Gerade Louna hätte ganz anders reagieren können: Sie war gleichzeitig trächtig, doch ihr Jungtier ist wenige Stunden nach der Geburt gestorben. In dieser Situation versuchen Tiere mitunter, sich den Nachwuchs einer Artgenossin unter den Nagel zu reißen — am Schmausenbuck war dies zum Beispiel einmal bei den Alpakas der Fall. Das kann zu heftigen Kämpfen führen und die Gruppe sprengen. Doch im Affenhaus blieb es bislang friedlich: "Louna ist das rangniedrigste Tier, da gab es keine Probleme", meint Such. Die Reihenfolge hatten die weiblichen Gorillas schon lange vorher bei Kämpfen festgelegt.

Auch Louna hatte sich intensiv um ihren eigenen Nachwuchs gekümmert: Sie versuchte, dem von Anfang an sehr schwachen Jungtier die Augen vorsichtig mit den Fingern zu öffnen und befreite Mund und Nase von Schleim, um das Atmen zu erleichtern. Nach dessen Tod schleppte Louna den kleinen Körper noch zweieinhalb Tage herum, ehe sie ihn endgültig ablegte. "Wir haben ihr bewusst die Zeit zum Trauern gelassen", sagt der stellvertretende Tiergarten-Direktor Helmut Mägdefrau.
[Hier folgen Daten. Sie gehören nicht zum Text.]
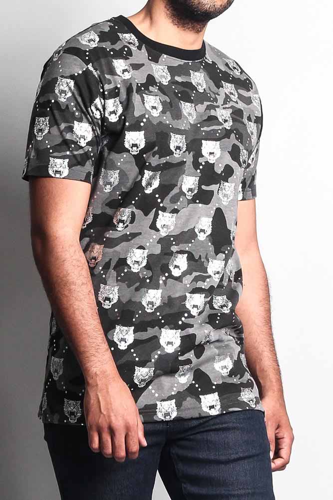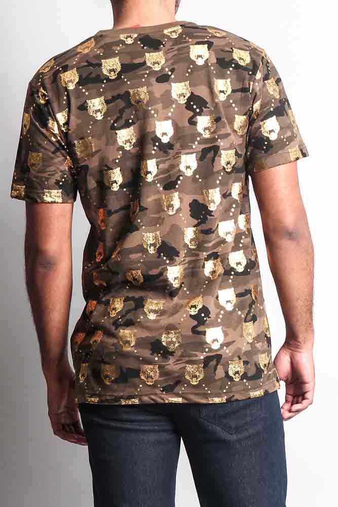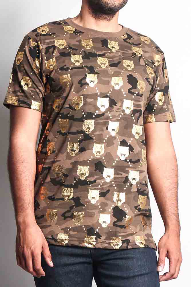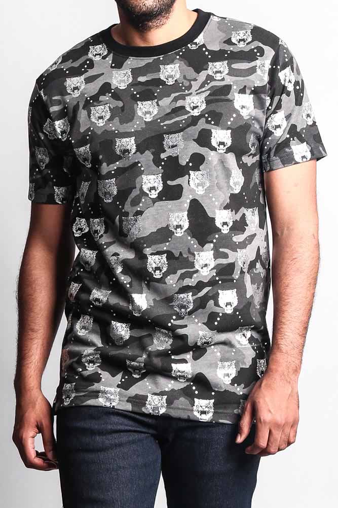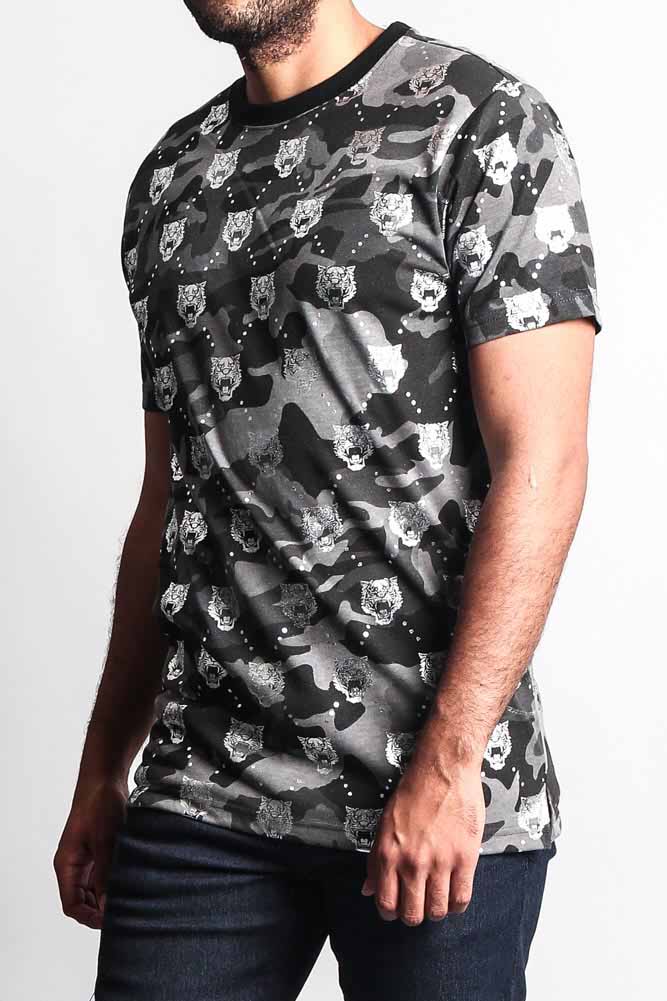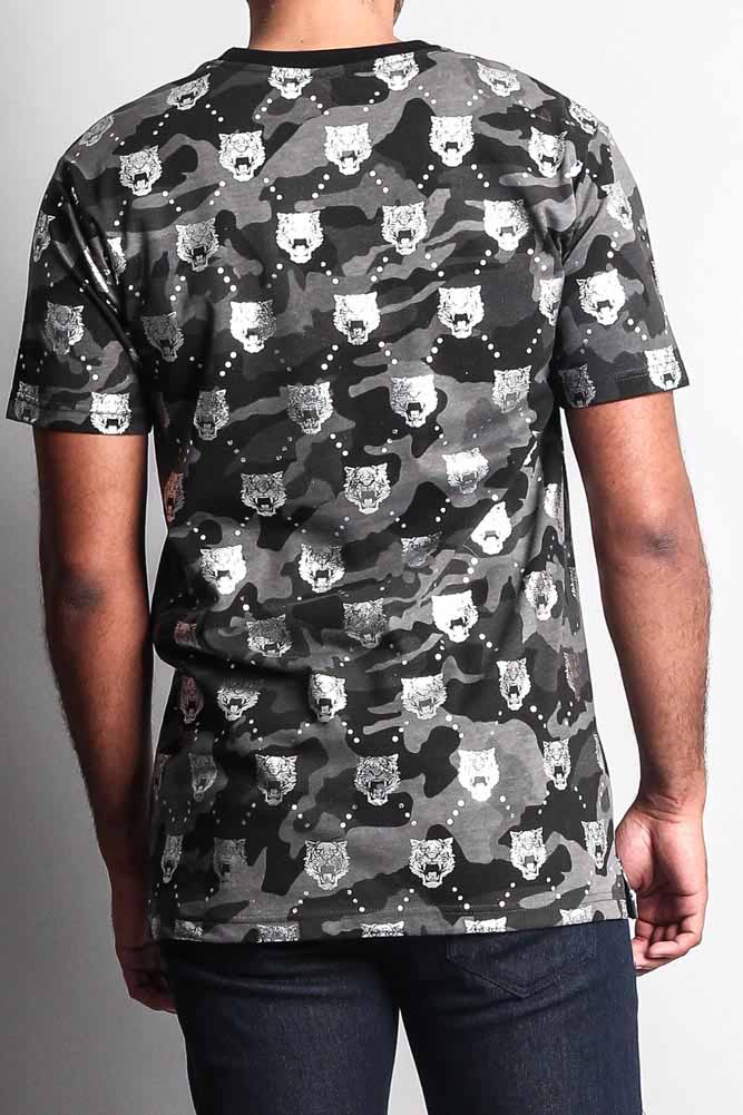Look cool stay cooler in our new camouflage and tiger head T Shirt. Perfect for standing out and looking stylish. Our t-shirt features a metallic foil tiger head print throughout the shirt to stay with the trends.
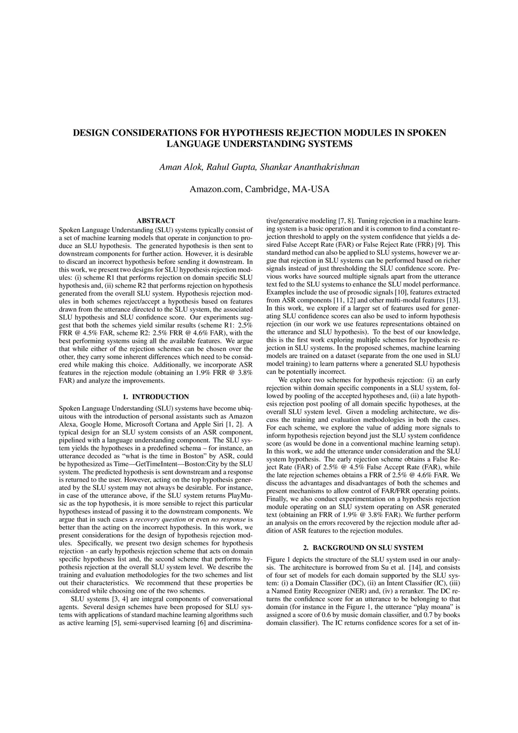 Design Considerations For Hypothesis Rejection Modules In Spoken
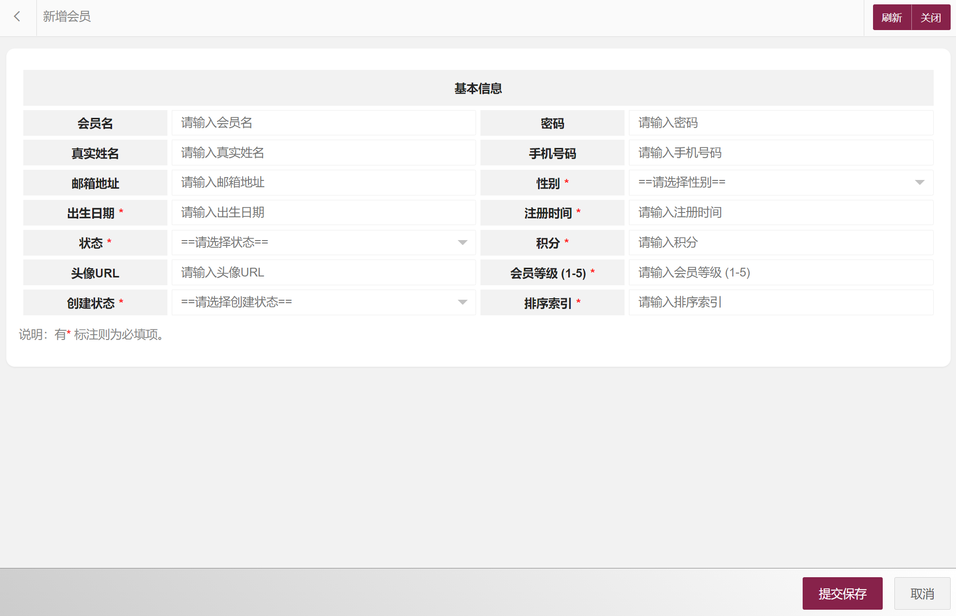 在会员列表中可以选择新增会员、编辑会员、删除会员、搜索会员等。会员属性包括:会员编码、会员名、密码、真实姓名、手机号码、邮箱地址、性别、出生日期、注册时间、状态、积分、头像URL、会员等级 (1-5)等。新增会员界面如图所示:
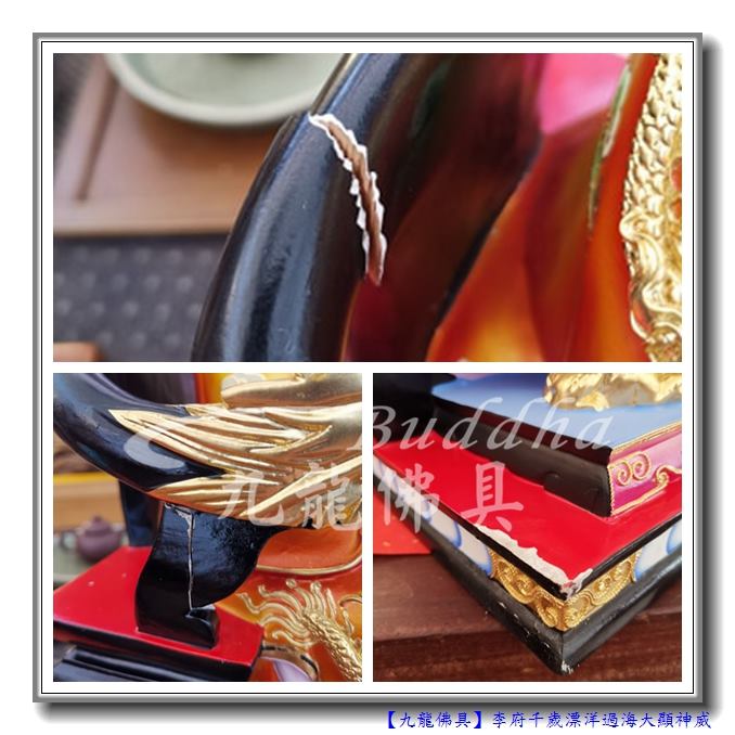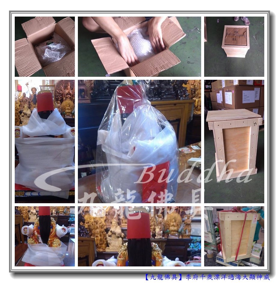 接下來我們認真包裝,讓李府千歲前往馬來西亞飛去。雖然我們做了木箱也用氣泡袋保護。這運送過程中卻還是遭遇到我們最不想面對到的狀況。
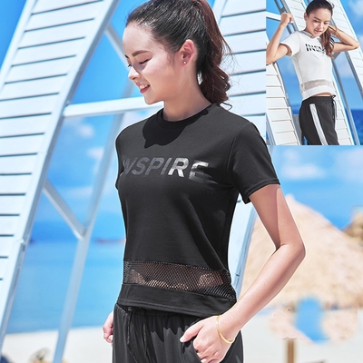 Biki.泳衣罩衫都萃短袖泳衣上衣短版網孔
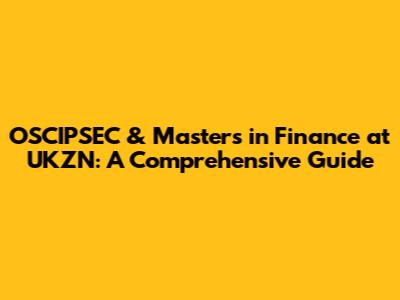 OSCIPSEC & Master's In Finance At UKZN: A Comprehensive Guide
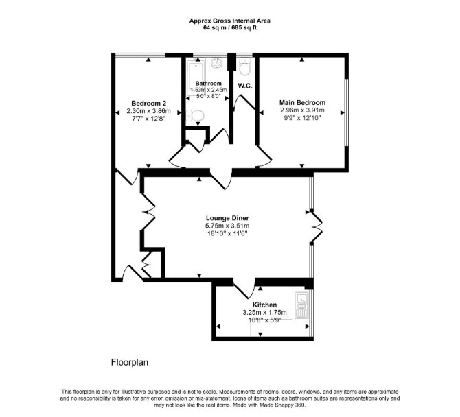 The property comprises a fourth floor two bedroom flat situated within a purpose built block arranged over ground and four upper floors. The property requires a program of refurbishment.
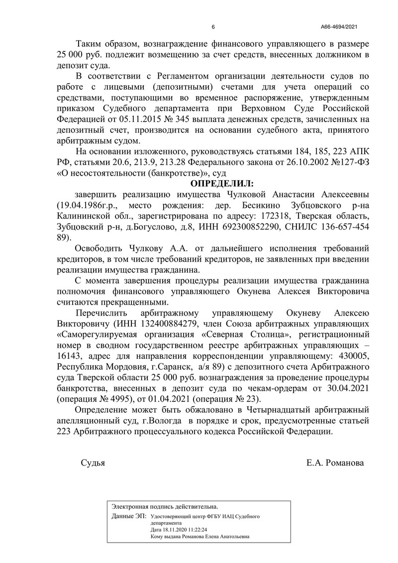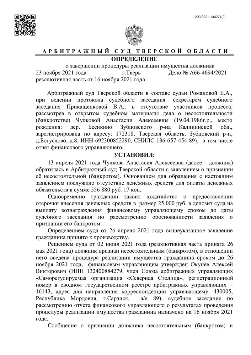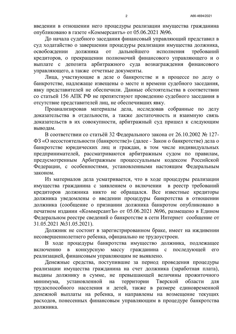 Арбитражный суд Тверской области завершил процедуру реализации имущества нашего клиента 23 ноября 2021 года. Дело №А66-4694/2021 было возбуждено 13 апреля 2021 года, когда должник обратился в суд с заявлением о признании его несостоятельным. Сумма долга составляла 556 880 руб. 17 коп.
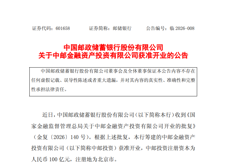 3月20日,邮储银行公告称,该行收到国家金融监督管理总局批复,该行筹建的中邮金融资产投资有限公司(以下简称中邮投资)获准开业,注册资本为100亿元,注册地在北京市。
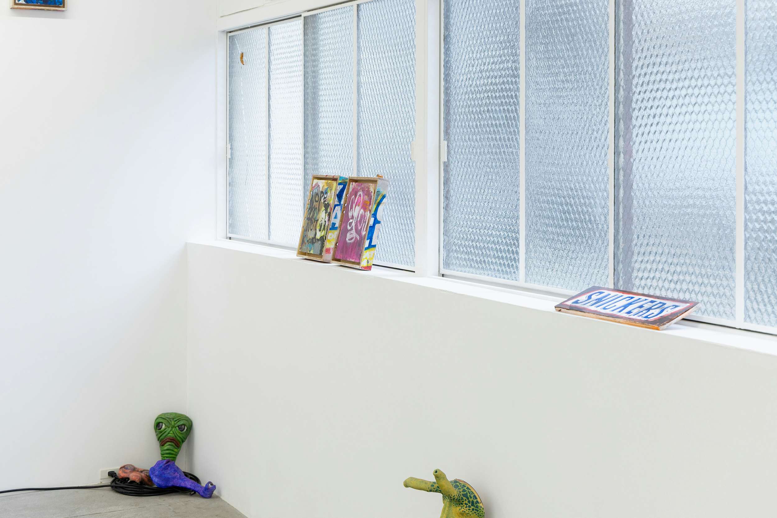 その点を踏まえると、なるほどたしかに展示空間がいわゆるホワイトキューブでの作品の陳列には見えない。それもあって、どの作品がどのアーティストのものかが一見して判別できなかった。どれが作品として個別に成立しているのかもわからなかった。会場で配布されたフロアマップを凝視してようやく作者がわかる。特段作品同士のテイストが似ているわけではないにもかかわらず、鑑賞者はどこか秩序を揺さぶられる感覚に陥る。だがそれはむしろ、誰が何をつくったのかが見えにくいまま無数の痕跡に囲まれて歩くという、都市そのものの経験が再現されていたのではないか。
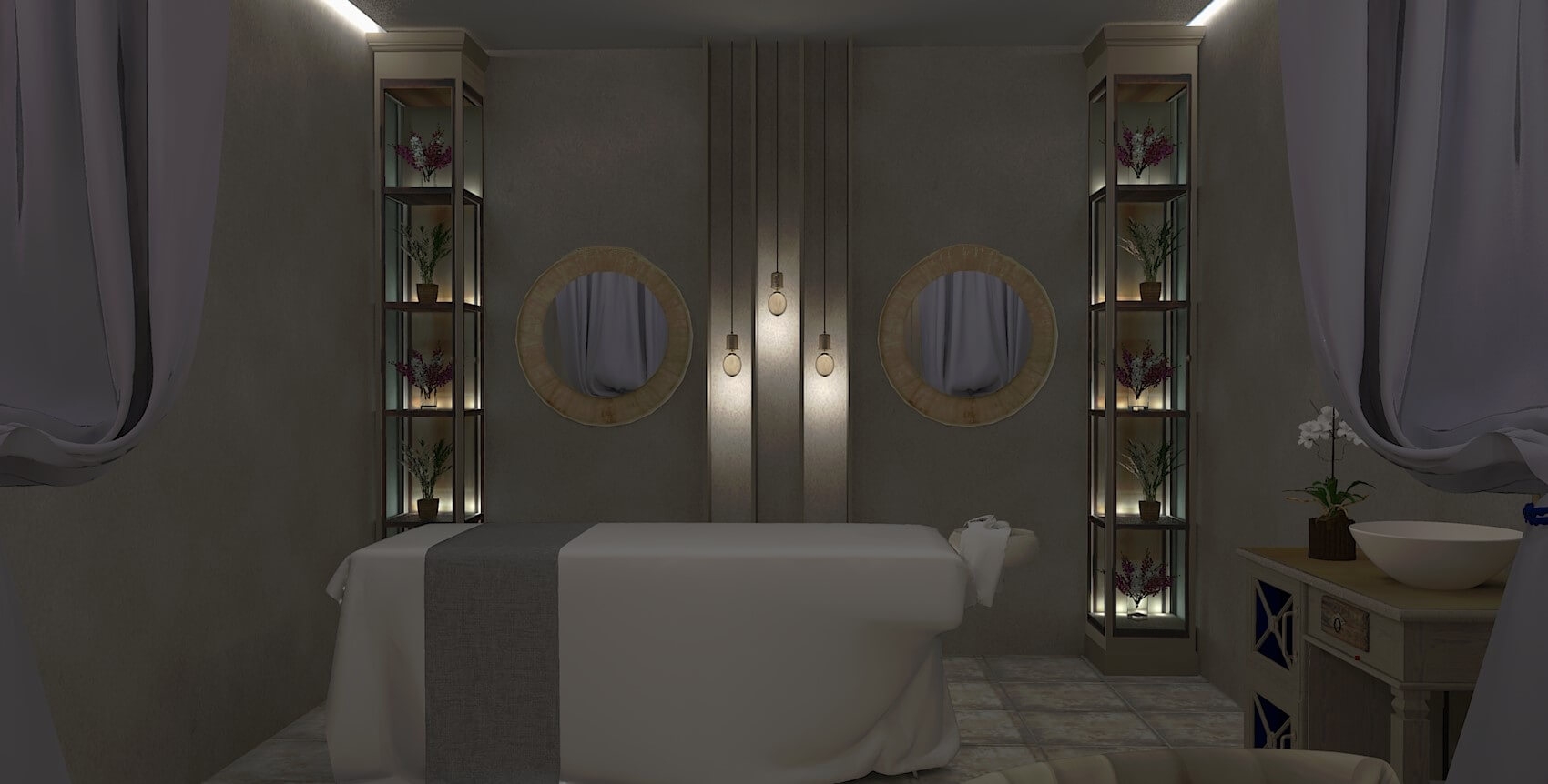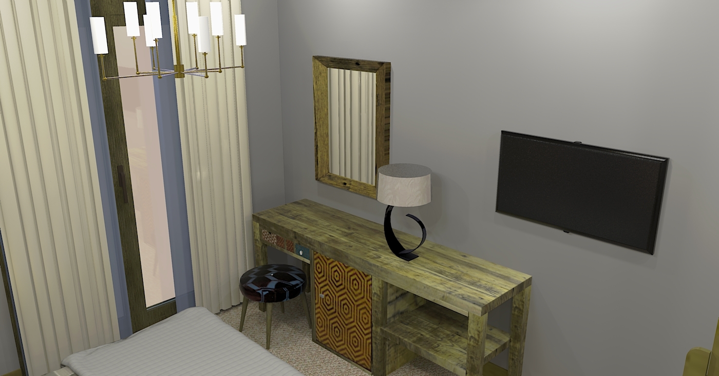 вешалка, зеркало, кресло-кровать, кровать двуспальная, прикроватные тумбочки, стол, стулья, шкаф
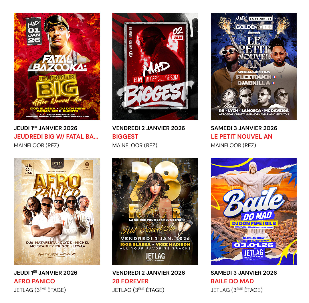 Prêts pour une nouvelle année de folie ? On commence par enterrer 2025 mercredi avec une Bordello Big MAD Gay Party sur le Mainfloor, et un Afro New Year by Golden Vibes au JETLAG. Puis place à 2026 sur le Mainfloor, avec jeudi 1er janvier Michael « Fatal Bazooka » Youn en live showcase déjanté (dress code : fous ta cagoule), The Biggest Hip-Hop Party vendredi, et un Petit Nouvel An avec Flextouch (F) & DJ Djabkilla (F) samedi. Toute l’équipe du MAD vous souhaite la plus madienne des années !
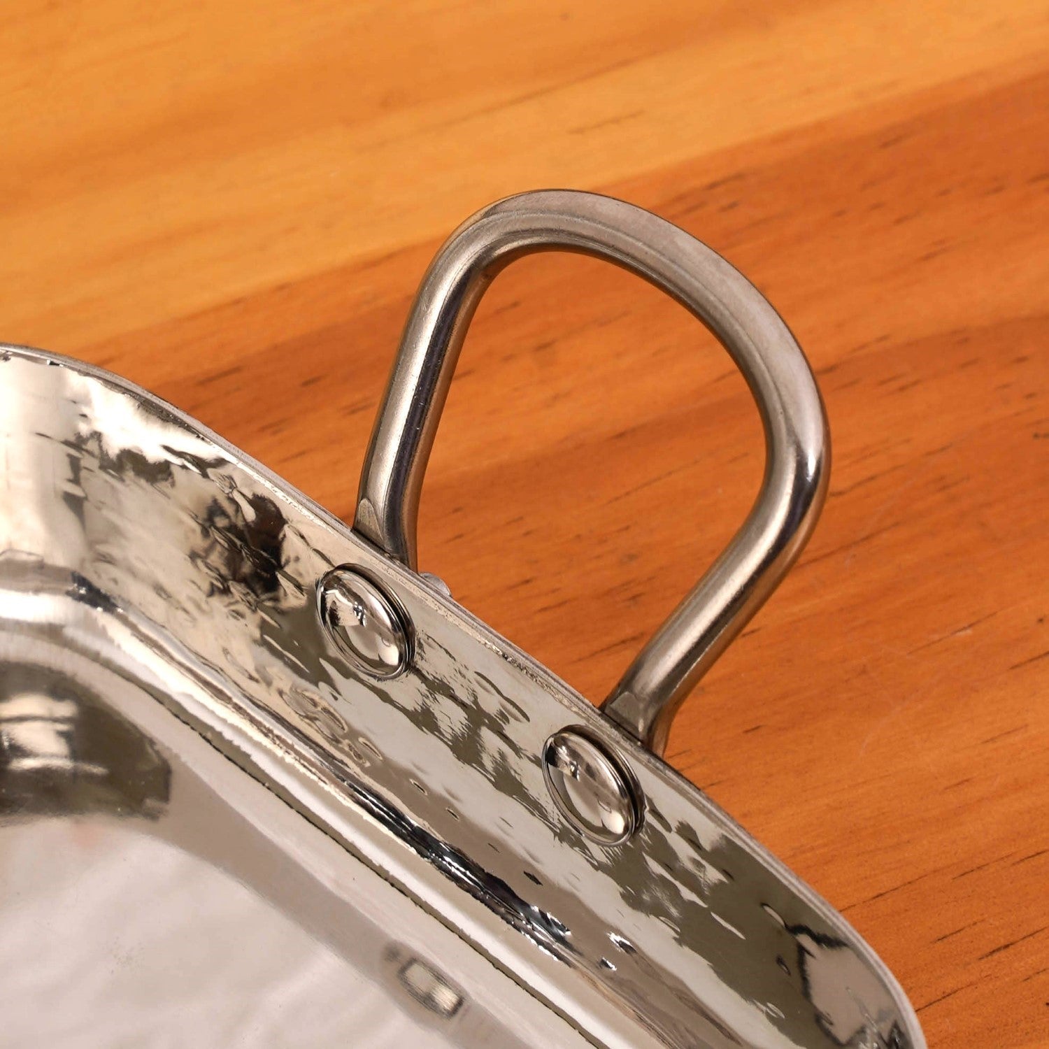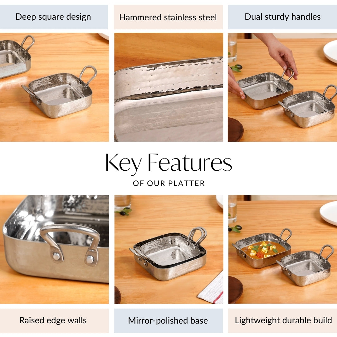 Design: This set of 2 includes square hammered stainless steel deep serving pans, each designed with a hand-beaten texture that glimmers under light. The reflective, mirror-polished interiors contrast beautifully with the hammered exteriors, while the deep walls and raised edges allow for generous, spill-free servings. Firmly attached looped handles ensure easy grip and handling, while the balanced, lightweight build makes each pan convenient to place and carry.

Er betont, dass diese "Affenliebe" im Tierreich nicht generell verbreitet ist. In freier Wildbahn sortieren Raubkatzen bei einem Wurf mit fünf oder sechs Jungtieren die zwei schwächsten aus. "Sie merken, wenn ihr Nachwuchs todkrank oder zu schwach ist", erklärt der Biologe, "sie können es sich nicht leisten, zu viel Energie in die Aufzucht hineinzustecken."

Wenn Tiermütter in Zoos ihren Nachwuchs nicht annehmen oder nicht zurechtkommen, übernehmen Tierpfleger diese Aufgabe. Die Handaufzucht wird heute allerdings mit Skepsis gesehen, weil die Affen, Bären oder auch Greifvögel dann oft auf den Menschen geprägt sind. Früher hatten die Tierparks keine Bedenken. In den 1960er Jahren spazierten Tierpfleger am Schmausenbuck mit kleinen Braun-, Eis- und Klauenbären herum, Passanten durften die Pelzknäuel streicheln und mit Milchfläschchen füttern. Das ist lange vorbei. Heute beschränken Pfleger den Kontakt auf das Nötigste, um Fehlprägungen zu vermeiden. Es gilt generelle Zurückhaltung - also nur so viel Nähe, wie es für das Tier gut ist.

Allerdings bedeutet Handaufzucht nicht automatisch Fehlprägung. Bekanntes Gegenbeispiel ist Eisbärin Flocke, die 2008 in Nürnberg von einem Pfleger-Team aufgezogen wurde. Mittlerweile hat sie im französischen Antibes selbst ein Jungtier und erweist sich als aufmerksame Tiermutter. "Sie ist also kein Verhaltens-Depp geworden", meint Biologe Mägdefrau.